Spoof Paper Reveals the “Wild West” of Open-Access Publishing

A package of news stories related to this special issue of Science includes a detailed description of a sting operation — orchestrated by contributing news correspondent John Bohannon — that exposes the dark side of open-access publishing. Bohannon explains how he created a spoof scientific report, authored by made-up researchers from institutions that don’t actually exist, and submitted it to 304 peer-reviewed, open-access journals around the world. His hoax paper claimed that a particular molecule slowed the growth of cancer cells, and it was riddled with obvious errors and contradictions. Unfortunately, despite the paper’s flaws, more open-access journals accepted it for publication (157) than rejected it (98). In fact, only 36 of the journals solicited responded with substantive comments that recognized the report’s scientificproblems. (And, according to Bohannon, 16 of those journals eventually accepted the spoof paper despite their negative reviews.) The article reveals a “Wild West” landscape that’s emerging in academic publishing, where journals and their editorial staffs aren’t necessarily who or what they claim to be. With his sting operation, Bohannon exposes some of the unscrupulous journals that are clearly not based in the countries they claim, though he also identifies some journals that seem to be doing open-access right.

Although it comes as no surprise to anyone who is bombarded every day by solicitations from new “American” journals of such-and-such seeking papers and offering editorial positions to anyone with an email account, the formal exposure of hucksters out there looking to make a quick buck off of scientists’ desires to get their work published is valuable. It is unacceptable that there are publishers – several owned by big players in the subscription publishing world – who claim that they are carrying out peer review, and charging for it, but no doing it.

But it’s nuts to construe this as a problem unique to open access publishing, if for no other reason than the study, didn’t do the control of submitting the same paper to subscription-based publishers (UPDATE: The author, Bohannon emailed to say that, while his original intention was to look at all journals, practical constraints limited him to OA journals, and that Science played no role in this decision). We obviously don’t know what subscription journals would have done with this paper, but there is every reason to believe that a large number of them would also have accepted the paper (it has many features in common with the arsenic DNA paper afterall).
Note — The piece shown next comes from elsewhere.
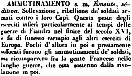 Ammutinamento - s. m. Émeute, sédition. Sollevazione, ribellione de' soldati armati contro i loro Capi. Questa peste degli eserciti infierì particolarmente ai tempi delle guerre di Fiandra nel finire del secolo XVI, e fu di funesto esempio agli altri eserciti di Europa. Pochi d'allora in poi e prestamente soffocati furono gli ammutinamenti de' soldati, ma ricomparvero fra la gente Francese nelle lunghe guerre, che essa sostenne dalla rivoluzione in poi. [immagine]

Like OA journals, a lot of subscription-based journals have businesses based on accepting lots of papers with little regard to their importance or even validity. When Elsevier and other big commercial publishers pitch their “big deal”, the main thing they push is the number of papers they have in their collection. And one look at many of their journals shows that they also will accept almost anything.

None of this will stop anti-open access campaigners  (hello Scholarly Kitchen) from spinning this as a repudiation for enabling fraud. But the real story is that a fair number of journals who actually carried out peer review still accepted the paper, and the lesson people should take home from this story not that open access is bad, but that peer review is a joke. If a nakedly bogus paper is able to get through journals that actually peer reviewed it, think about how many legitimate, but deeply flawed, papers must also get through. Any scientist can quickly point to dozens of papers – including, and perhaps especially, in high impact journals – that are deeply, deeply flawed – the arsenic DNA story is one of many recent examples. As you probably know there has been a lot of smoke lately about the “reproducibility” problem in biomedical science, in which people have found that a majority of published papers report facts that turn out not to be true. This all adds up to showing that peer review simply doesn’t work.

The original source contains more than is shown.